A realistic loss aggregates several objectives with weights:

\[\mathcal{L} = w_u\,\mathcal{L}_{\text{unity}} + w_{\text{span}}\,\mathcal{L}_{\text{span}} + w_h\,\mathcal{L}_{\text{height}} + w_b\,\mathcal{L}_{\text{belly}} + w_s\,\mathcal{L}_{\text{sym}} + w_d\,\mathcal{L}_{\text{div}}.\]

With \(U = f_\phi(\operatorname{scale}([G,S]))\) and \(u_{\max} = \max(U_1, U_2)\):

\[\mathcal{L}_{\text{unity}} = \mathbf{1}_{\text{moderate}}(S)\, (u_{\max} - u^*)^2 + \mathbf{1}_{\text{extreme}}(S)\, u_{\max}^2.\]

The span requirement keeps \(s(G) = g_2 + g_4 + g_6\) within tolerance of \(D\):

\[\mathcal{L}_{\text{span}}(G,D) = \Bigg(\max\!\Big\{0, \frac{|s(G) - D|}{D+\delta} - \varepsilon\Big\}\Bigg)^2.\]

A hard height cap \(H_{\max}\) with \(H(G) = g_1 + g_3 + g_5 + g_7\):

\[\mathcal{L}_{\text{height}}(G) = [ H(G) - H_{\max} ]_+^2, \quad [x]_+ = \max(x,0).\]

Belly clearance inequality \(B(G,S) \ge B_{\min}\) as a surrogate:

\[\mathcal{L}_{\text{belly}}(G,S) = [ B_{\min} - B(G,S) ]_+^2.\]

Symmetry when hubs are nearly level:

\[\mathcal{L}_{\text{sym}}(G, \Delta h) = \mathbf{1}_{\{|\Delta h|<\tau\}}\, |g_3 - g_5|.\]

Diversity across a batch:

\[\mathcal{L}_{\text{div}}(\{G_i\}) = \frac{1}{B}\sum_{i=1}^B \exp\!\left(-\frac{\min_{j\ne i} \lVert G_i - G_j \rVert_2}{\sigma}\right).\]

Despite careful formulation, competing terms often lead to brittle optimization and designs that exploit the loss rather than meet engineering rules.

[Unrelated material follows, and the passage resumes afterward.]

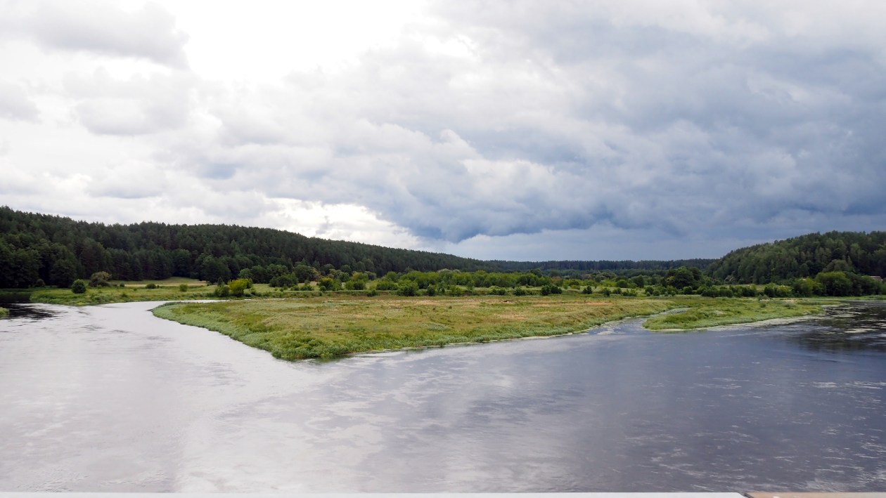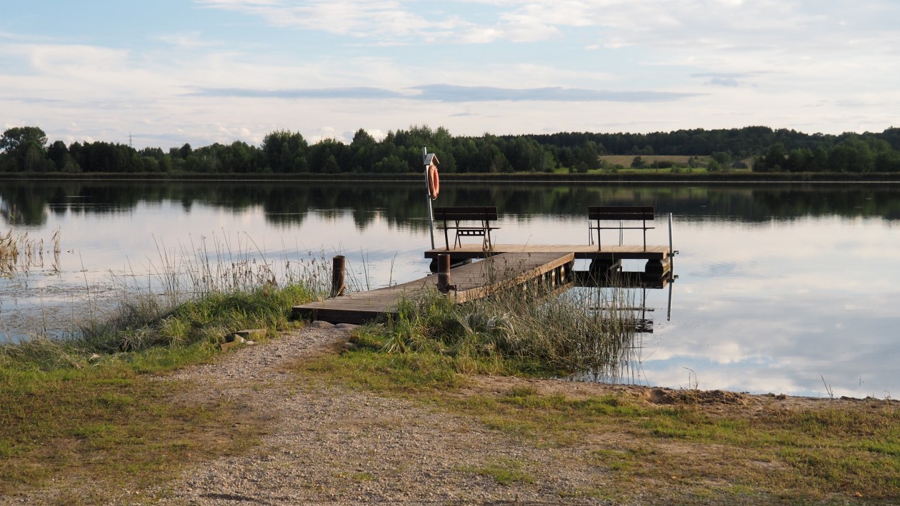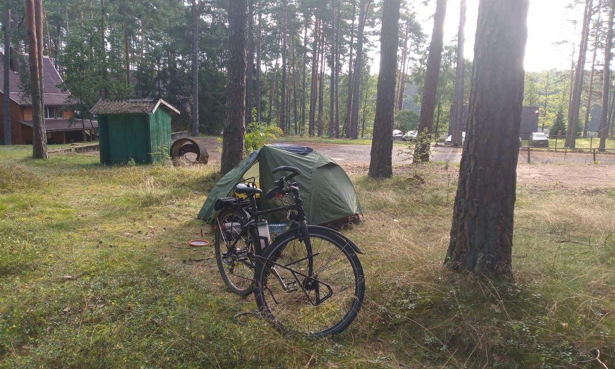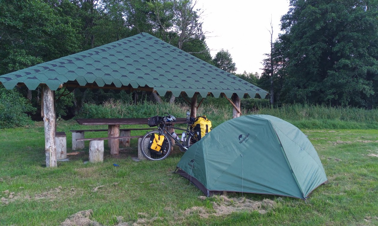 Ich folgte der A4 weiter, bis zur Abzweigung der besagten Zeltstelle. Jetzt ging es zunächst noch halbwegs ordentlich voran, dann aber, nach einer weiteren Abzweigung, auf einem kaum noch sinnvoll befahrbaren hügeligen Waldweg mit sandigen Stellen und tiefen Pfützenlöchern entlang. Mehrmals rutschte ich weg, einmal fiel ich auch hin und musste meine vordere Packtasche wieder neu anbringen, die Hose voll Sand. Endlich kam ich zu einer riesigen frisch gemähten Wiese. Kein Zeichen einer Rezeption, aber ein überdachter Unterstand mit großem Tisch und Bänken, neben dem ich mein Zelt aufschlug. Direkt am Fluss Merkys. Vermutlich ein Rastplatz für Bootswanderer, aber völlig leer. Leider war kein Trinkwasser erreichbar und die Oberfläche des Flusses war wegen des steilen Ufers zu unerreichbar, um etwas zum Filtern heraus zu angeln. Aber die anderthalb Liter, die ich noch in meinen Flaschen hatte, reichten gerade noch bis zur Abfahrt am nächsten Tag. Eine stille Nacht, nur der Fluss rauschte und gurgelte leise…

Why balancing these terms is intrinsically brittle

Objectives embody incompatible incentives (unity rewards flexibility; manufacturability caps height; span alignment can fight height, etc.). A single scalar objective cannot encode lexicographic engineering practice—feasible first, then optimal—without either zeroing gradients outside feasibility (stalling learning) or allowing violations inside the loss (failures at inference under shift).

A forward-only workflow that matches engineering practice

Use a forward-only approach: search under hard constraints and select the best feasible design by clear priorities. Enforce exact rules (height cap, span tolerance, discrete stock options, belly clearance, symmetry policies) with validators, generate candidates within bounds (sampling, templates, proposal samplers), evaluate in batch with the frozen forward model, and select lexicographically (feasible → minimize \(\max(U)\) → tie-break by height/material/robustness). If no feasible design exists, report it explicitly.

Conclusion

Inverse-surrogate training forces soft penalties and straight-through projections onto inherently discrete, non-smooth constraints, yielding brittle optimization and infeasible outputs. A forward-only pipeline with hard filters and principled search reflects actual engineering practice and provides dependable results for jumper configuration design.